It's Saturday afternoon, and Ronit Herzfeld's cell-phone is bellowing. It's a distress call from a frantic CEO whose six-month-old startup, a networking-solutions provider called Bigsafe Inc., has to deliver a test version of its software platform in four weeks. But two of the company's lieutenants are at war over management decisions, and its CEO, Marshall Abbott, 26, is afraid that they're going to quit -- or worse, that their conflict will bring his
New York City-based company to a shattering halt. And Abbott, the youngest and least-experienced member of his executive staff, wonders if anyone is even listening to him.
In the risky and uncertain world of technology startups, the ultimate test of an organization's mettle is how well it copes with chaos. Enter Herzfeld, 44, a personal trainer for companies in crisis. Her firm, Inside Solutions, is carving out a niche by counseling startups through the kinds of struggles that invariably plague young businesses. "In startup mode, people tend to operate out of fear, seeing every decision as a life-or-death matter," observes Herzfeld. "But that's not based on reality. People create the wrong stories around events and paralyze themselves into indecision."
Herzfeld knows her way around life-or-death scenarios. A petite, Israeli-born psychiatric social worker, she spent eight years working in the mobile crisis unit of the Visiting Nurse Service for New York City's Department of Mental Health, parachuting into such disaster scenes as the World Trade Center bombing and the TWA Flight 800 crash. "I became extremely intuitive and adept at dealing with people -- especially people who didn't want my help," Herzfeld says.

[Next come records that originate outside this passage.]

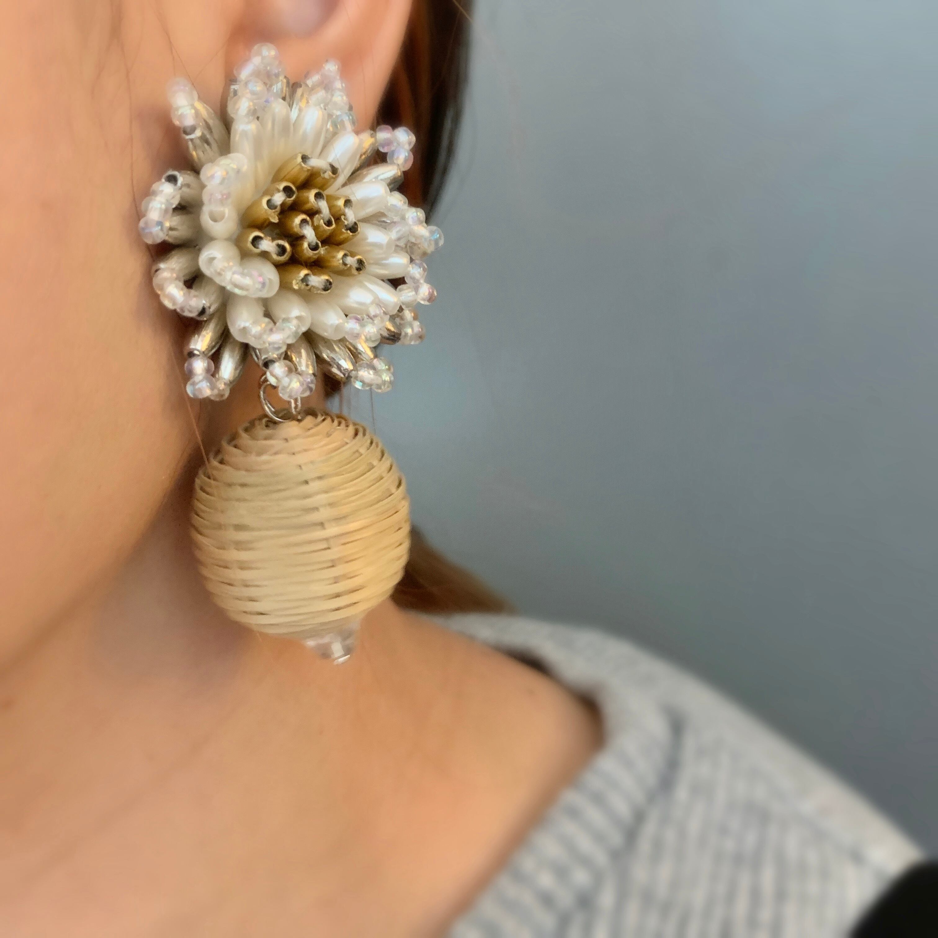 とっても可愛い大振りイヤリング♡ ※ホワイトは売り切れました。 ※handmade ですので左右の個体差があります。 ご理解頂ける方のみ、ご購入下さいませ。 (イヤリングとフラワーパーツの接着部分に接着剤を多目につけています。ご了承下さい。) ♦︎ご購入にあたっては必ずSHOP情報をご覧下さい。
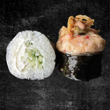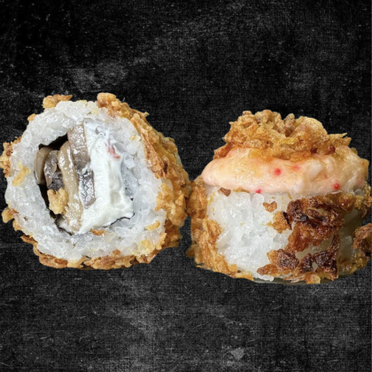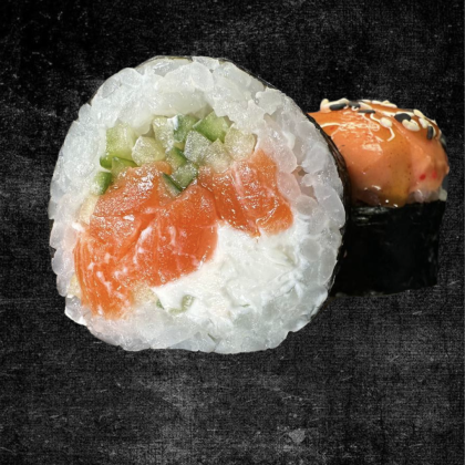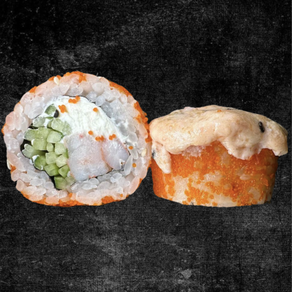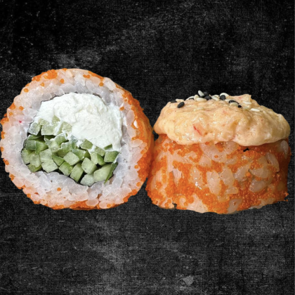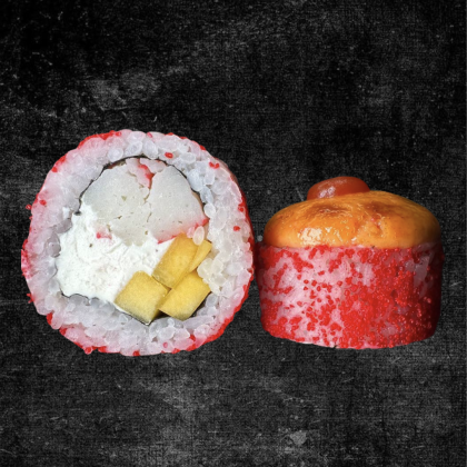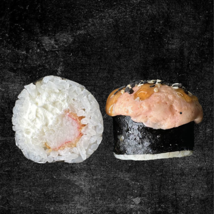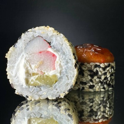 Нори, рис, сыр Креметта, мясо мидий, кунжут, болгарский перчик, соус терияки, майонез, сыр моцарелла
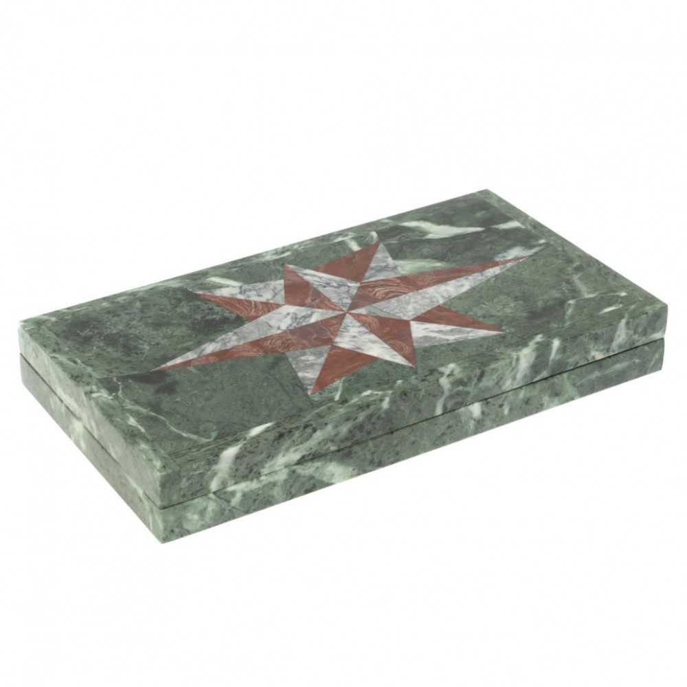 Нарды из камня "Роза ветров" серый мрамор / лемезит размером открытые 48х44х2,5 см, закрытые 24х44х5 см и весом 9000 г.
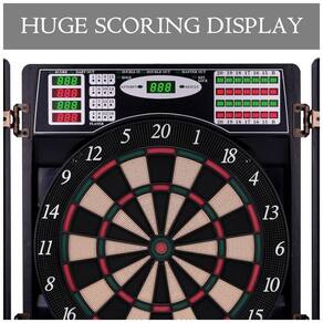 Os segmentos côncavos e o fio ultrafino minimizam os ressaltos, enquanto um anel de captura amplo protege suas paredes de danos, oferecendo uma área de aterrissagem de 360 graus para qualquer dardo perdido. O display de LED frontal e o painel de controle intuitivo garantem uma visualização clara das pontuações e estatísticas, eliminando a necessidade de anotações manuais. O volume ajustável em 7 níveis permite ajustar o som conforme sua preferência.
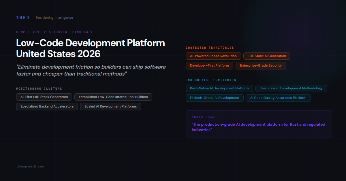 The low-code development platform category in the United States runs on a single thesis: eliminate friction so builders ship faster and cheaper. THEO’s discovery phase identified 112 competitors across this landscape. The 16 highest-priority were analyzed in depth - 5 competing directly for the same positioning territory, 11 targeting adjacent buyers with overlapping claims. The category is converging fast, and almost everyone is converging on the same point.
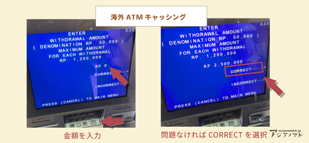 海外のATMは金額入力が不慣れなためわかりにくい、「…この少数点は何?」「いくら分入力するんだっけ?」など頭がパニックになります。後ろに並んでいる人がいるとなおさらあせります。
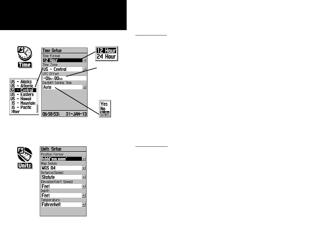 Daylight Savings Time offers choices of “Yes,” “No” and “Auto.”
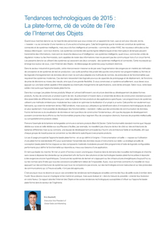 Le document analyse les tendances technologiques de 2015, mettant en avant l'importance croissante des systèmes connectés et intelligents, notamment à travers l'internet des objets. Il souligne que les approches basées sur des plateformes standardisées permettront une meilleure modularité et réutilisation dans le développement, améliorant ainsi l'efficacité des processus de R&D. L'émergence de la 5G représente également un tournant, ciblant une interconnexion massive et des débits de données exponentiels tout en posant des défis en termes de conception et de développement de réseaux.
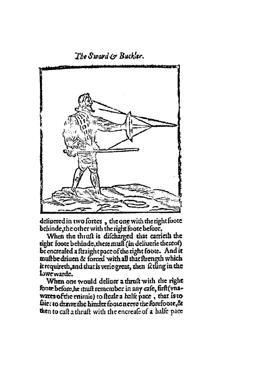When one would deliuer a thrust with the right foote before he must remember in any case, first (vnawares of the enimie) to steale a halfe pace, that is to saie: to drawe the hinder foote neere the forefoote, & then to cast a thrust with the encrease of a halfe pace for-
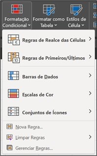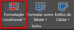 A ferramenta que permite formatar condicionalmente está no grupo Estilos da guia Página Inicial.
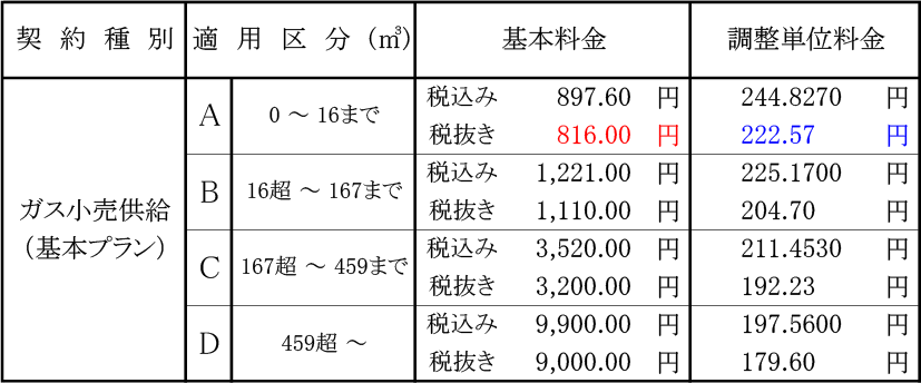 令和8年1月検針分に適用される料金表(消費税率 10%)
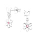 Sterling zilver 925 vlinder met bloem bedel oorbellen - zilver met roze kristalletje.
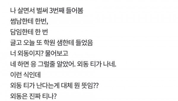 외동 티가 난다는게 대체 뭔 뜻임? 페이지 정보 작성자 pkg 댓글 0건 조회 120회 작성일 26-02-22 17:33 목록 답변 글쓰기 본문 일단 좋은 뜻은 아닌 듯 외동 티가 난다는게 대체 뭔 뜻임? 이전글한국 수능 역사상 가장 쉬웠던 문제 26.02.22 다음글한때 말 많았던 정부상징 로고 통합 26.02.22 댓글 0 댓글목록 등록된 댓글이 없습니다.
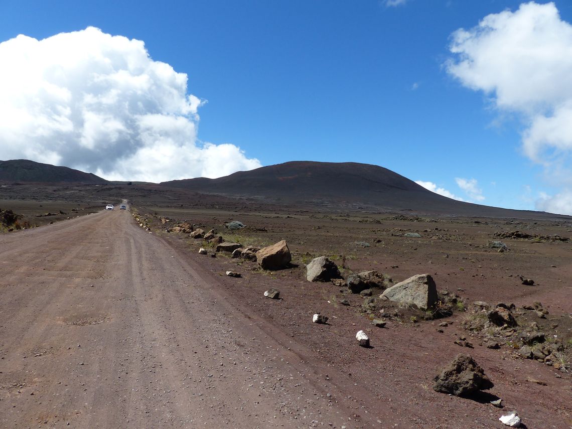Am Nachmittag führte die Fahrt über die Plaine de Sable (Sandebene), die einer Mondlandschaft gleicht, und durch unzählige Kurven zurück an die Küste zu den erloschenen, aber stellenweise noch heißen Lavaströmen des letzten Vulkanausbruchs, die an der Ostküste in das Meer fließen. Eine bizarre Landschaft auf La Réunion.
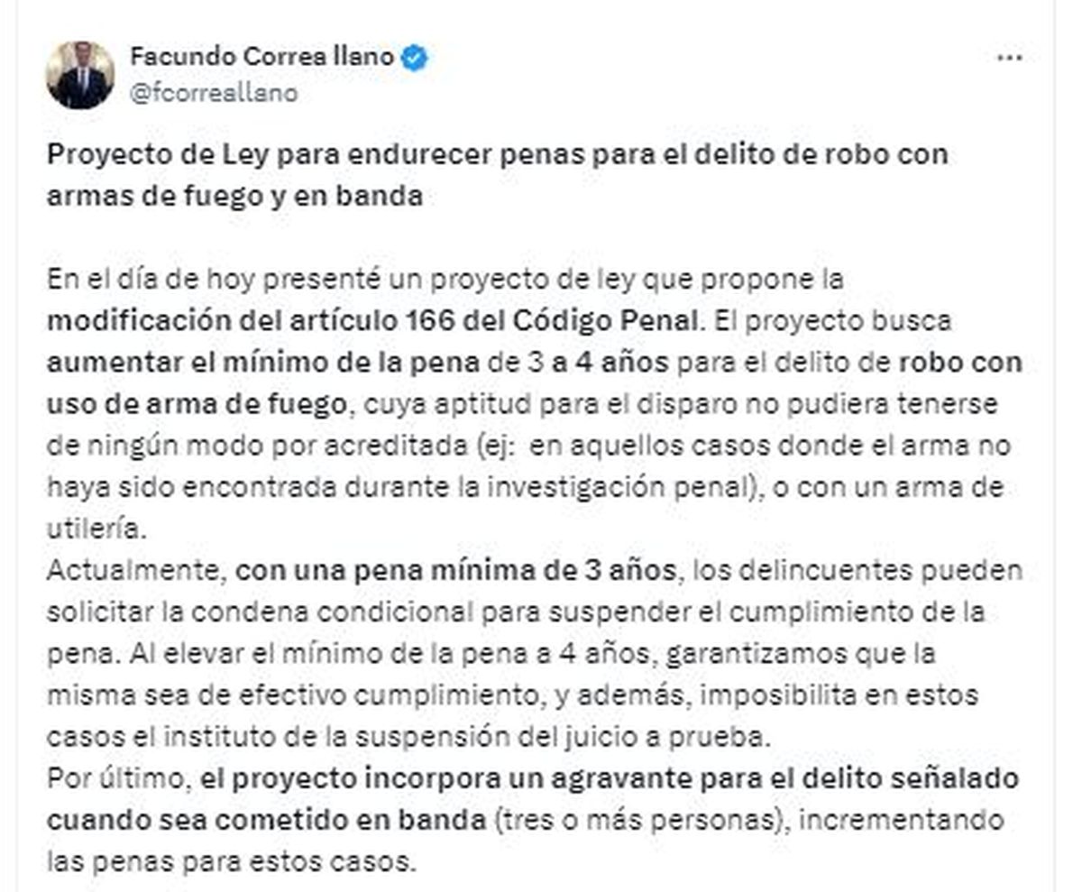 "El proyecto busca aumentar el mínimo de la pena de 3 a 4 años para el delito de robo con uso de arma de fuego cuya aptitud para el disparo no pudiera tenerse de ningún modo por acreditada (ej: en aquellos casos donde el arma no haya sido encontrada durante la investigación penal), o con un arma de utilería", amplió el legislador nacional en el posteo en el que contó su proyecto.
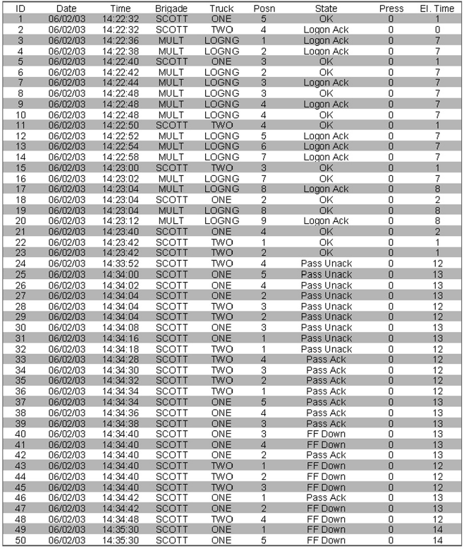 from a SEMS II PDA Portable Unit where the PASS has been acti-
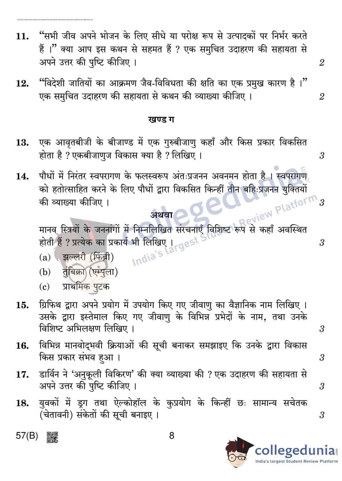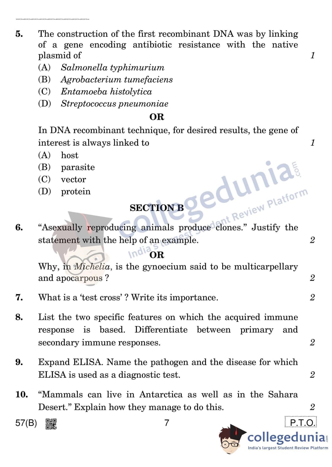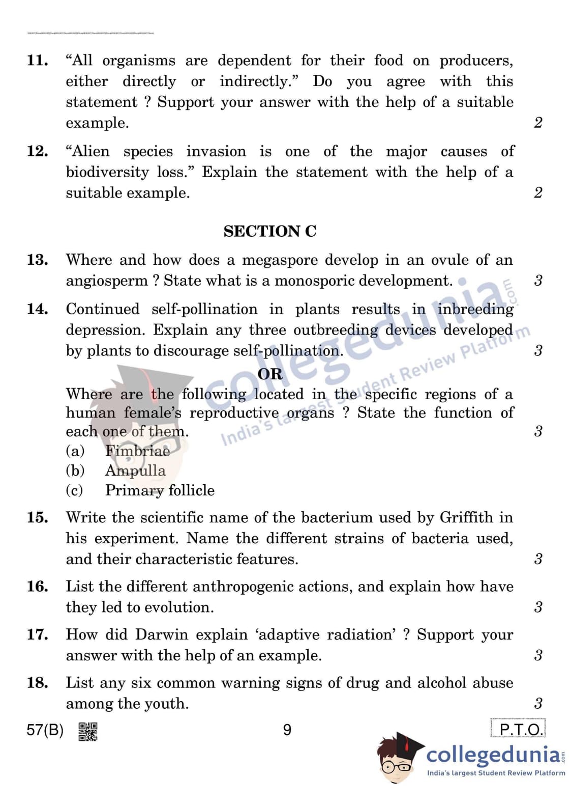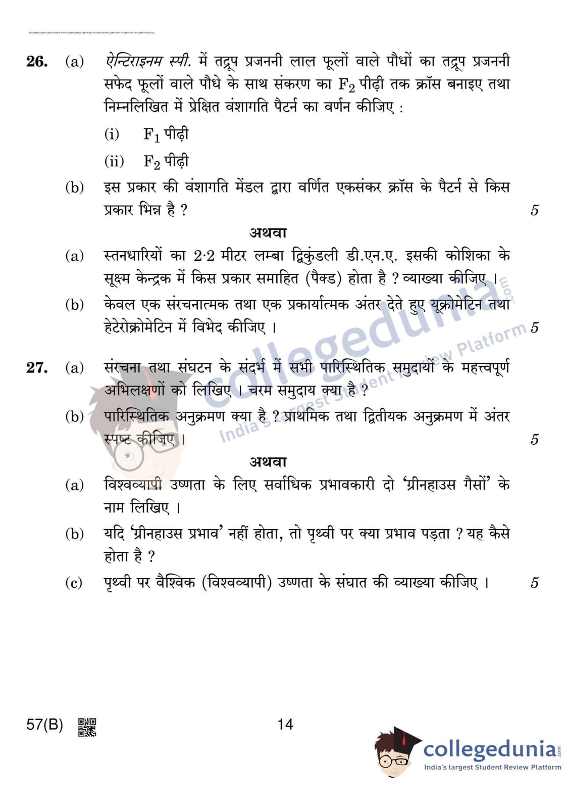 CBSE Class 12 Biology Question Paper 2020 with Answer Key (March 14)
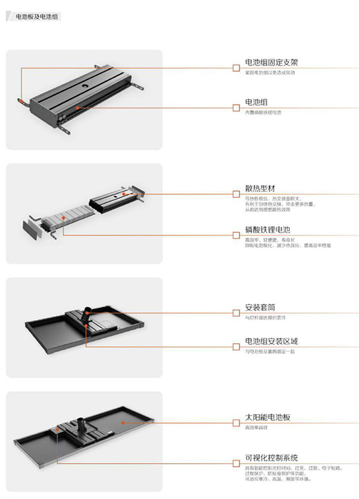 2)電池:好的太陽能路燈要保證充足的照明時間以及照明亮度,要做到這點,對電池的要求自然是低不了,目前太陽能路燈一般為鋰電池。
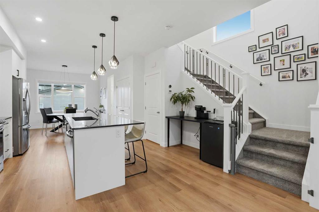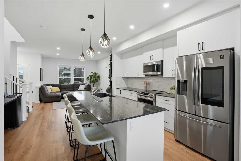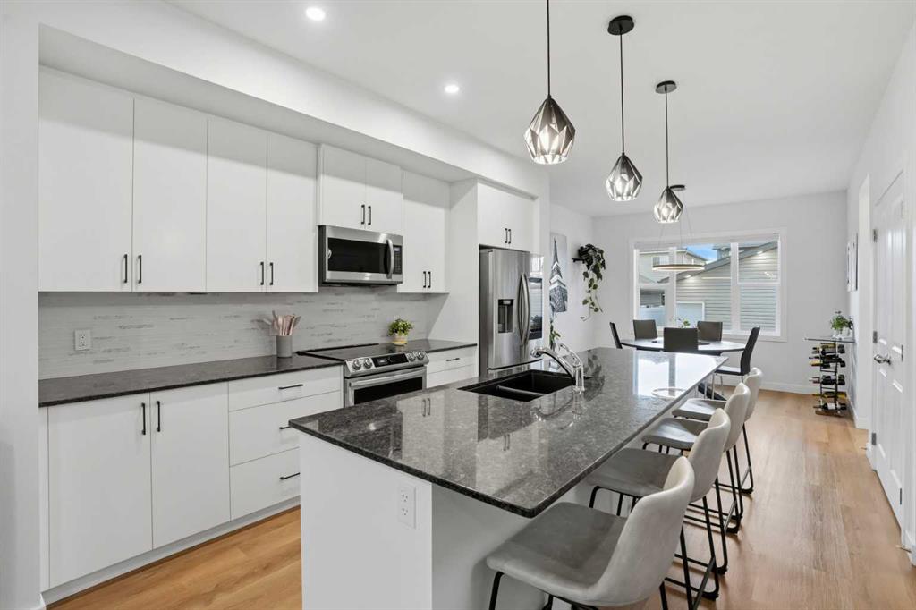 OPEN HOUSE: Sunday, Feb 8, 1pm – 4pm. Don’t miss your opportunity to own this exceptional home in Legacy! A RARE GEM: like-new, loaded with upgrades (including A/C), and situated on a truly OVERSIZED CORNER LOT offering a LARGE YARD where you can find a sunny spot at any point throughout the day! Inside, the home is flooded with natural light from the large windows, and the extra windows provided by the corner location! The main level feels bright and welcoming, with a lovely neutral aesthetic that will suit any new owner with ease, and natural wood-toned vinyl flooring that flows front to back. The kitchen is perfectly upgraded with a quartz counters, ceiling height cabinets, under-cabinet smart lights, upgraded stainless steel appliances including a SMART FRIDGE AND STOVE, a double-door pantry, and a great island for ample cooking/baking space and breakfast bar. The nook provides a flex space to suit your needs – currently used as a coffee bar. The main level is an excellent space to host, with an open flow from living room to kitchen and dining, and right out to the back patio! The stairwell to upstairs is like few others, with a large window and iron railing! Upstairs, you’ll find the convenient upper level laundry closet, with side-by-side washer and dryer, allowing space for hang drying and all your supplies! The spacious primary bedroom features a private en suite with quartz, and a large walk-in closet! There are two more additional bedrooms – one with an extra window and walk-in closet! A second full bath, also with quartz, completes the upper level. There are cellular shades throughout with thoughtful placement of blackout and top down/bottom up. A SEPARATE SIDE ENTRANCE to the basement allows for more flexible use of the basement space. While it is unfinished, there is underlay and carpet down (included!) to make great use of this space. The OVERSIZE DOUBLE GARAGE is heated and insulated, with its own 50 amp sub panel , overhead storage trusses, and pot lights lining the exterior that light up the yard! On the exterior, there are only two sides that are vinyl, while the front and the large, more exposed side of the home is smartly finished with cement fibre board! The vinyl fence is only two years old and includes a front gate, back gate, and side gate, with stone tiles leading to the side entrance. Legacy is a fantastic family community that offers excellent parks and playgrounds, restaurants, shopping, and all other amenities you may need close by.
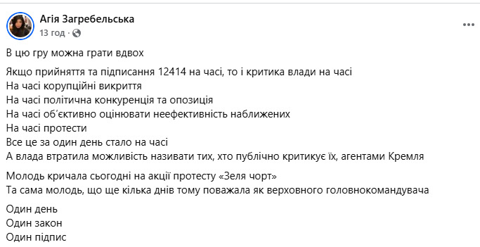 "В цю гру можна грати вдвох. Якщо прийняття та підписання 12414 на часі, то і критика влади на часі. На часі корупційні викриття. На часі політична конкуренція та опозиція. На часі обʼєктивно оцінювати неефективність наближених. На часі протести. Все це за один день стало на часі", - пише вона.
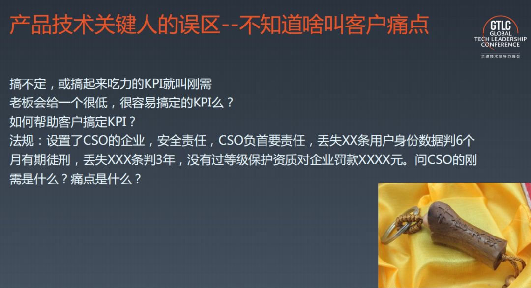 客户痛点是什么?现在《网络安全法》定了,如果网络出现安全事故,如果没有 CSO 就是 CEO 担责,丢失多少条客户隐私数据判刑入狱多少年罚款多少;如果有 CSO 的话,就是 CSO 担责,如果你的客户是 CSO,客户的需求是什么?需求就是不坐牢。怎么能不坐牢呢?赶紧把等保资质拿了,赶紧把数据加密脱敏。
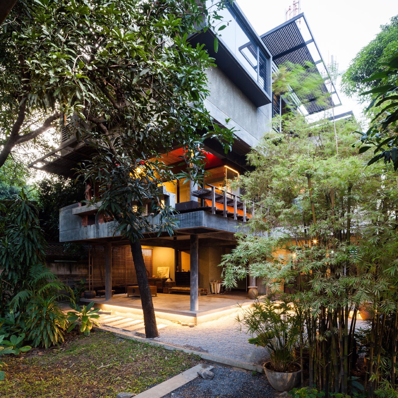 Text description provided by the architects. The site is one of the old reminding mango gardens that still exist in Bangkok, it is the reason why the house tries to insert itself into its environment. The planning of the house is layed out in a way to introduce the house in the tree-rich site, without disturbing, or cutting any of the original landscape.The house is divided into three stories, and three zones. With the intention to create different atmospheres linked to the various zones, and also giving an international modern culture feel, which fits the company's current vision.

Now she jumps into the world of business conflict. "When people are at their wits' end, they're more receptive to change," she says. "That's when they're most committed to making things happen." Such was the case at Bigsafe. One of Abbott's managers, who was just coming off a 21-day work jag, became enraged and threatened to walk when a colleague questioned his authority and his decisions. His over-the-top reaction worried Abbott, who feared that the conflict would kill the startup. When a management team is small -- as it is at Bigsafe, where there are only five core managers -- trust and confidence are critical, and even one personal rift can have a devastating effect.
Herzfeld was able to sort out Bigsafe's troubles by drilling down to the company's structural faults. Not only were managers wearing too many hats, but communication breakdowns were undermining their ability to prioritize tasks. Meanwhile, the newly minted CEO was finding it hard to let other people take ownership of their projects.
"To cede control to people who can make mistakes is a harrowing decision," Abbott confesses. Herzfeld teaches people to work with such fears. "Courage isn't the absence of fear," she declares. "It's seeing the possibility of your demise and doing your work anyway."
Herzfeld began by charting strategies for tackling the uncertainties that were bollixing up Bigsafe's management process. Once Abbott saw that he was afraid of relinquishing control -- even to managers whom he trusted -- he decided to delegate most of the marketing and hiring tasks that he had previously been trying to handle himself. The result: Bigsafe quickly ramped up its San Francisco office, and the company was able to meet its deadline for delivering its test product. Abbott and his staff, meanwhile, allowed themselves to take a day off occasionally and catch up on sleep.